= Picture Studies =

Picture Studies is an orchestral suite by the American composer Adam Schoenberg. The work was commissioned by the Kansas City Symphony and the Nelson-Atkins Museum of Art. It was first performed by the Kansas City Symphony conducted by Michael Stern at the Kauffman Center for the Performing Arts in Kansas City on February 1, 2013.

==Composition==

===Background===
Schoenberg received the commission for Picture Studies in November 2011 from the Kansas City Symphony and the Nelson-Atkins Museum of Art, with the request that he write "a 21st-century Pictures at an Exhibition" based on pieces from their collection. Schoenberg was immediately taken by the idea and visited the museum three times over the course of six months to conceptualize the work.

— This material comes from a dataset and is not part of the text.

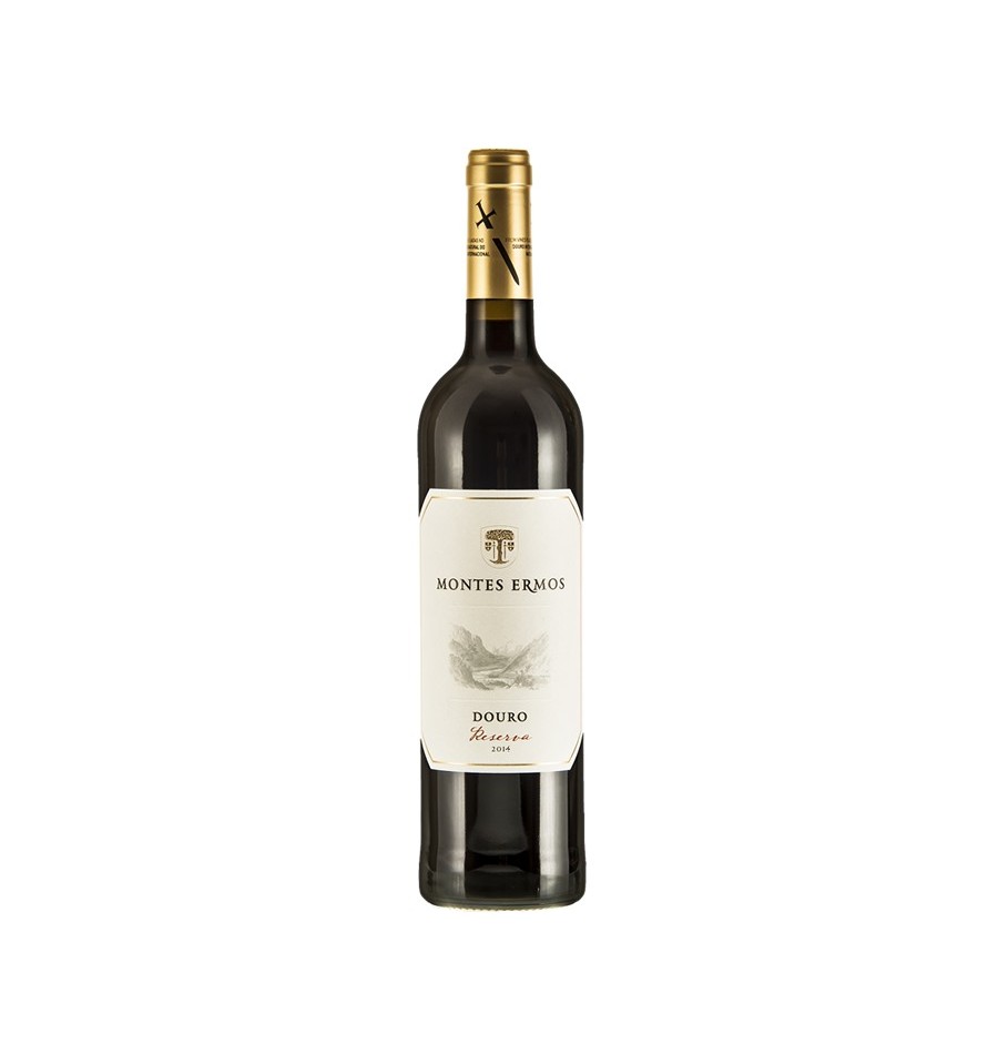 Garrafa de vinho tinto Montes Ermos Douro Reserva 2014 com rótulo branco

Ultimately, eight of Picture Studiess movements would be based on four paintings, three photographs, and one sculpture—all by different artists. The works that inspired the movements are, respectively, Albert Bloch's painting "The Three Pierrots No. 2," Kurt Baasch photograph "Repetition," Vincent van Gogh's painting "Olive Orchard," Wassily Kandinsky's painting "Rose with Gray," Alexander Calder's sculpture "Untitled, 1937," Joan Miró's painting "Women at Sunrise," Hiroshi Sugimoto photograph "Atlantic Ocean, Cliffs of Moher," and Francis Blake's photograph "Pigeons in Flight."

===Structure===
Picture Studies has a duration of approximately 27 minutes and is cast in ten movements:

===Instrumentation===
The work is scored for a large orchestra consisting of three flutes (second and third doubling piccolo), three oboes (third doubling cor anglais), three clarinets (second doubling E-flat clarinet, third doubling bass clarinet), three bassoons (third doubling contrabassoon), four horns, three trumpets, three trombones, tuba, harp, piano (doubling celesta), timpani, three percussionists, and strings.

==Reception==
Reviewing the world premiere, the music critic Timothy L. McDonald of The Kansas City Star highly praised the piece, remarking, "Schoenberg's work is a gem, employing a broad palette of orchestral colors and musical forms. Even within individual movements, the music is kaleidoscopic, with ever-changing colors and textures." McDonald continued, "Whether the sensuous melody of the 'Olive Orchard,' the jaunty whimsicality of 'The Three Pierrots' or the explosive rhythmic brutality of 'Kandinsky,' Picture Studies captured a remarkable variety of moods."

==Recording==
A recording of the Picture Studies featuring the Kansas City Symphony under the direction of Michael Stern was released through Reference Recordings on January 20, 2017. The album also includes performances of Schoenberg's Finding Rothko (2006) and American Symphony (2011).